In light of this outlook, BlackRock recently altered its stance on long-term government bonds: "We upgraded long-term treasuries to neutral on a tactical, six-to-12-month horizon last month because we now see even odds of yields swinging in either direction in this volatile environment."

This cautious approach stems partly from the potential end to the Federal Reserve's rate hike cycle, combined with factors such as looser fiscal policy and a slowing labour force growth that will force the central bank to keep rates higher for long.

“Long-term yields should eventually resume their march higher,” the strategist added. “Why? We expect the term premium, or the compensation investors demand for the risk of holding long-term bonds, to keep rising amid greater macro volatility, large fiscal deficits and high debt issuance.”

The US fiscal situation has already contributed to this volatility. The increased government spending during the pandemic and stimulus initiatives since, such as the Inflation Reduction Act, have caused government bond issuance to balloon in recent years. The higher interest rates from the Fed have increased government borrowing costs and added to the debt burden.
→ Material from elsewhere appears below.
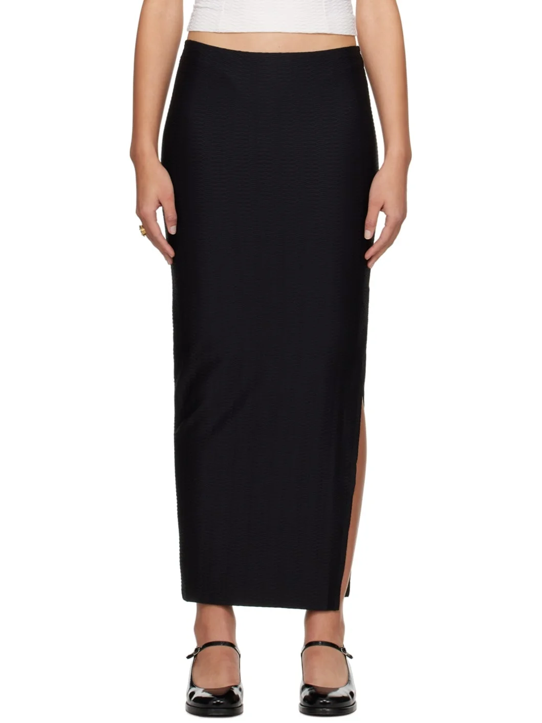 Textured stretch nylon jersey skirt. · Elasticized waistband · Vented side seam Supplier color: Black 83% polyamide, 17% elastane. Made in Portugal 241252F093000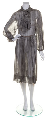 A Pauline Trigere Black and Ivory Striped Sheer Dress,

“If borrowing costs stay near 5% as we expect, the US government is poised to spend more on interest payments than on Medicare in a few years' time,” the BlackRock Investment Institute said.

“Investors are struggling to absorb the bond supply. Their indigestion spurred another surge in bond yields earlier this month after an auction for 30-year treasuries saw historically weak demand.”
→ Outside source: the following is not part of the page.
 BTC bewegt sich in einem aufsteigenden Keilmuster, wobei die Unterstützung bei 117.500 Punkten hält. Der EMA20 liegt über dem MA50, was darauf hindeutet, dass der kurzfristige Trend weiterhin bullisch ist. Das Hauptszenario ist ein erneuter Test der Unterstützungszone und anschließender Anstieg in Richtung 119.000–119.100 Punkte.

Last week’s BlackRock Investment Outlook Forum, which saw the firm pull together around 100 portfolio managers, executives and experts to pinpoint investment opportunities and risks, ended up being focused on higher interest rates and volatility.

One take-home conclusion from the forum was the need for selective and dynamic investment strategies, rather than static and broad exposures.

“Volatility is a constant in the new regime, with markets quick to extrapolate single data releases,” the firm finished.

“We believe the Fed is ending its hiking cycle – and is set to keep rates high for longer. This underpins why we have turned neutral long-term treasuries and are overweight short-term treasuries and European government bonds for income.”